= Brighton and Hove Cricket Club =

Amateur cricket club in East Sussex, England

Brighton and Hove Cricket Club, nicknamed The Mighty Bensons, is an amateur cricket club based in East Sussex, in southern England. Their top team secured the Sussex Cricket League championship in 2000 and in 2007. Based since 1991 at the Nevill Sports Ground in Hove, southern England, the club achieved success in 1979 when it won both the first and second eleven competitions in the Sussex League, while playing at Horsdean.

2010 England wicket keeper and batsman, Matt Prior, has been a member of the club, as has the former England captain, Tony Greig and the New Zealand opening batsman Mark Richardson.

== Club history ==

===County Ground===
Brighton & Hove Cricket Club was founded on 22 August 1945, as an amalgamation of Hove Cricket Club (founded in 1918) and Brighton Nondescripts Cricket Club (founded in 1920). The club was based at the County Ground in Hove, Sussex, although all Sunday games had to be played away from home.

===Withdean Stadium===
By 1955 it was clear that the club could not remain at the County Ground and in the following year it moved to a very small ground next to the Withdean Stadium in Brighton. Here the club enjoyed a good family atmosphere, but the facilities were primitive and the use of the ground as a rugby pitch during the winter, and even as a collecting ring for a horse show, made playing-conditions dangerous. The Club found a temporary refuge at Longhill School in 1969 before moving to Horsdean.

===Horsdean===
At Horsdean, too, there were problems with the use of the playing surface for rugby during the winter, and the clubhouse was hardly suitable to be used as a cricket pavilion. But the square was improved until it became one of the best in club cricket, and this helped the club to achieve an increasing amount of success. The high point came in 1979 when the club won both the first and second eleven competitions in the Sussex League.

At the end of the 1990 season, however, a long-standing threat from the construction of a road bypass became a reality. With no sign of a replacement ground, the club spent 1991 without a venue, playing all Sunday matches away, but fulfilling its League fixtures thanks to the kindness of Brighton Polytechnic, on whose pitch they were allowed to play.

===Nevill Ground===
Towards the end of the 1991 season, the club was offered the use of the Nevill Ground by Hove Borough Council, which was in the process of renovating the clubhouse. Ironically, this was one of the grounds the club had considered moving to in 1956 and rejected. The club eagerly accepted the council's offer, work began on the square that autumn, and since then the club enjoyed a happy collaboration with Hove Borough Council. Improvements at the Nevill Sports Arena provided the club with excellent facilities for the 2009 season.

==Achievements==
With several players having represented their Counties, or attended the University Center of Cricketing Excellence - a scheme set up by the England and Wales Cricket Board - the Club stands as one of the most highly profiled amateur cricket clubs in England and Wales.

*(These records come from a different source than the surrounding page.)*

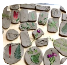
Pause to admire...then pull the plants out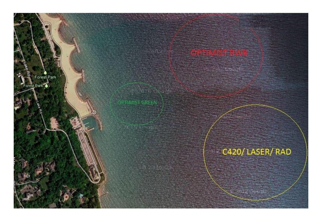
Illustration A - The Racing Area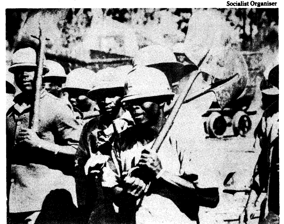
Black miners: International monetary system rests on their sweat and blood.

However, these days South African "power-sharing" futures are selling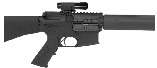
The T804 with M2 on rifle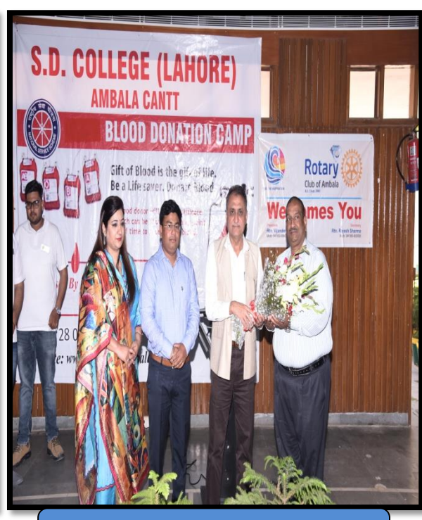
WELCOME OF GUESTS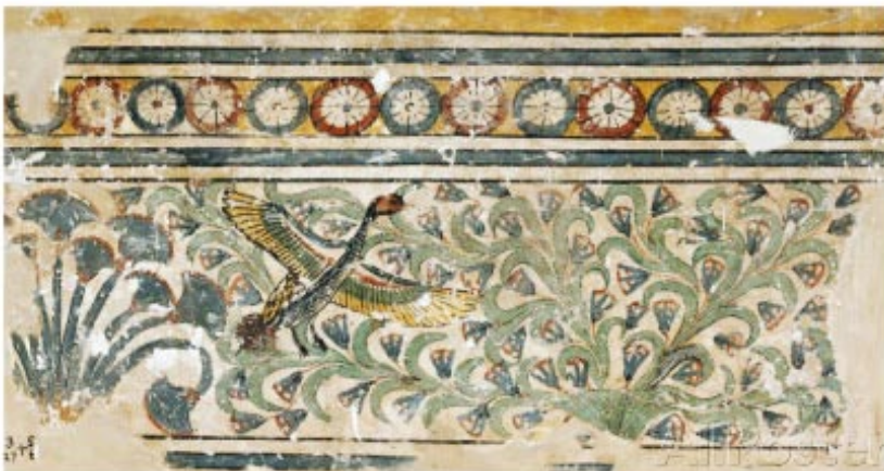
Left: The original floor painting now in the Egyptian Museum, Cairo.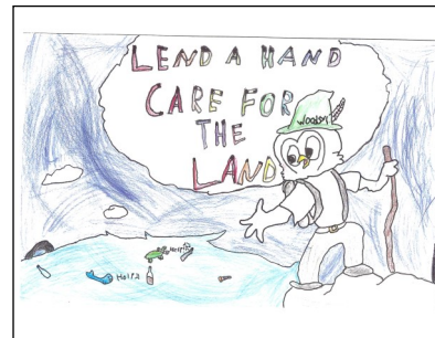
3rd Grade Tuolumne County GC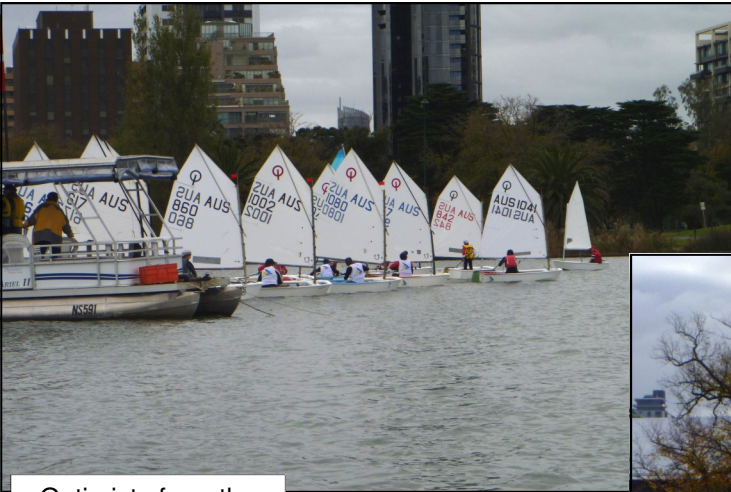
Optimists from the bay migrate to the lake for the Winter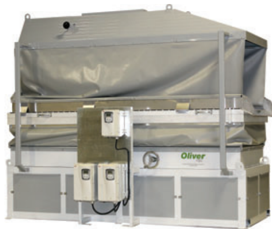
Oliver FBD 410 Dryer

* Temperature and humidity can cause capacity variation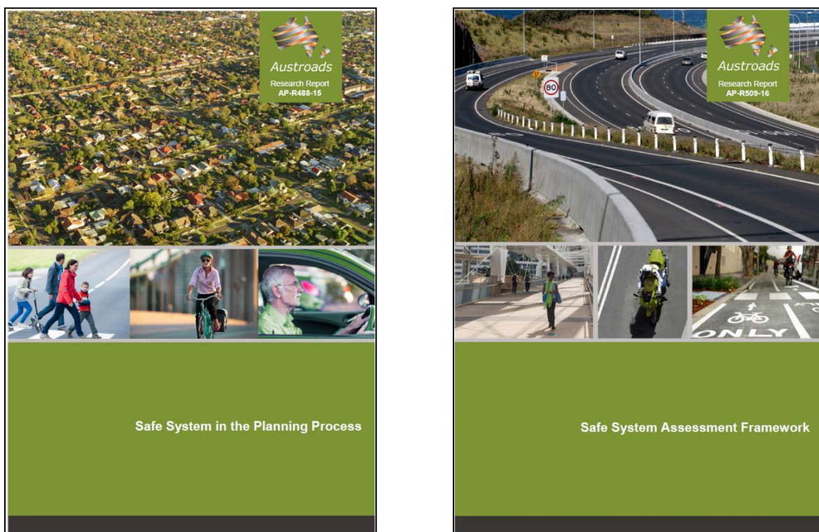
Figure 2. Companion Austroads Project Reports

The Safe System Hierarchy of Control Framework is complemented by, and complements, other practitioner tools and advisory guides prepared by ARRB Group for Austroads. Of particular relevance to local government are the research reports Safe System in the Planning Process (Austroads 2015) and Safe System Assessment Framework (Austroads 2016b), see Figure 2. Each provides local government planners and engineers with guidance about the applying the Safe System approach to their areas of managing council road and traffic infrastructure. Of particular note is the Safe System Assessment Framework , which provides a formulaic approach to assessing the level of Safe System compliance of potential treatment measures.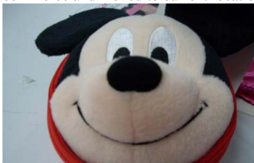
Image: Product provide by a Pearl Tower worker. Mickey Mouse is a trademark of Disney.

Pearl Tower Garments & Toys (Shenzhen) Co. LTD is invested by Bao Tai, a Hong Kong-based corporation. The factory mainly produces stuffed dolls, doll garments, stationeries, handbags, plastic toys and etc. Products are mainly exported to Europe, Japan, the U.S. and etc. The factory's original name was Shishen Toy Factory. On November 21 st 1992, the factory registered itself as Pearl Tower (Bao Tai) at the department of industry and commerce and moved to current location.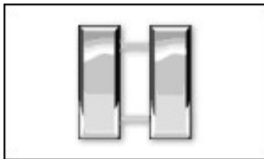
O-3 CAPTAIN (Capt)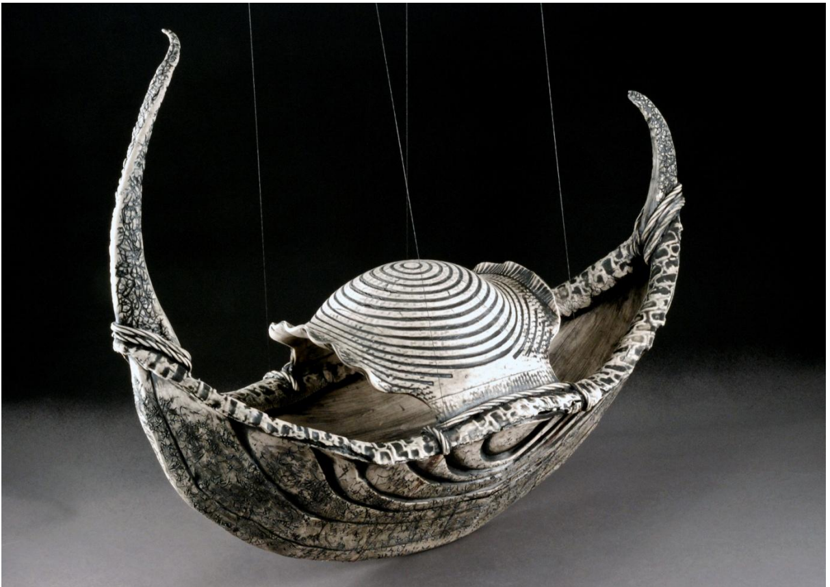
Figure 5 "Barque 5", Porcelain 19"X 14", Randall Moody

The textures allude to the decay the hull of a ship endures on a long journey while others denote the passage of time and trips. Other textures hold the apocryphal prayers of dead and the blessings of the living. Most funerary or spirit boats were either monumental or humble in scale. This served to remove the objects from being confused with those for actual use. The scale of my work is important to me in that it allows the pieces to read as artifact and as something alien yet related to us.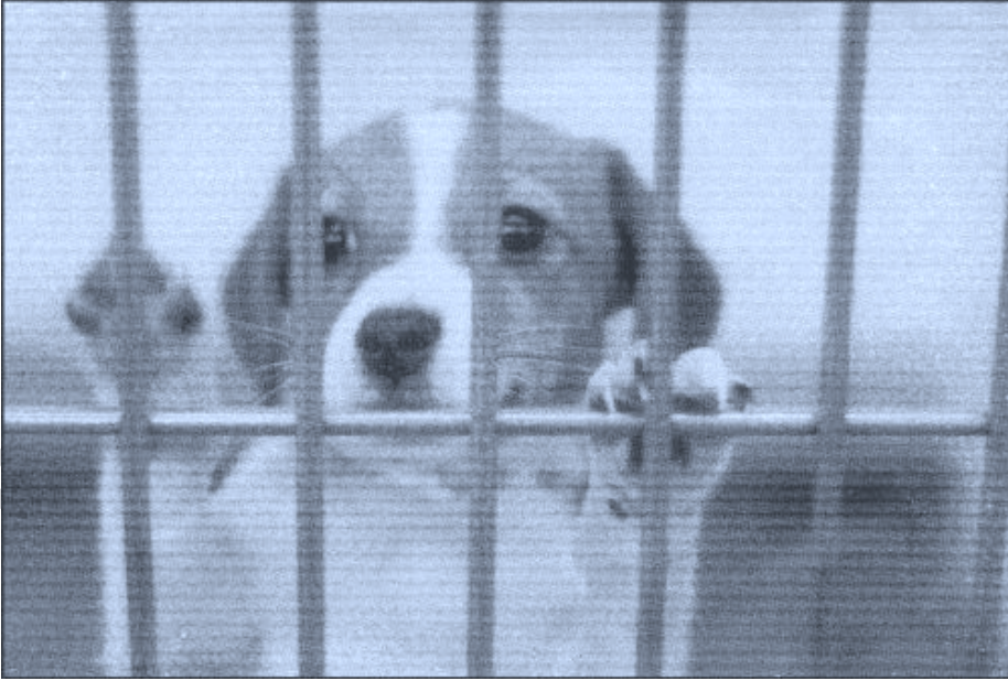
A Puppy in a Kennel

The most recent former player with Brighton and Hove Cricket Club to make a name for himself is Matthew Prior, who signed for Sussex County Cricket Club and has since gone on to earn himself many England caps. Another international cricketer to play for The Mighty Bensons is New Zealender Mark Richardson, who has a century against England to his name. Tony Greig, who captained England in the 1970s, has been a member of Brighton and Hove Cricket Club.
Also brothers Alen and Colin Wells (Sussex and England) Alan (Sussex) and RP(Roly)Willows (Middlesex and Lords Ground Staff) represented Brighton and Hove during the 1970 and 1980 along with Jerry Morley and Andy Dindar (Middlesex).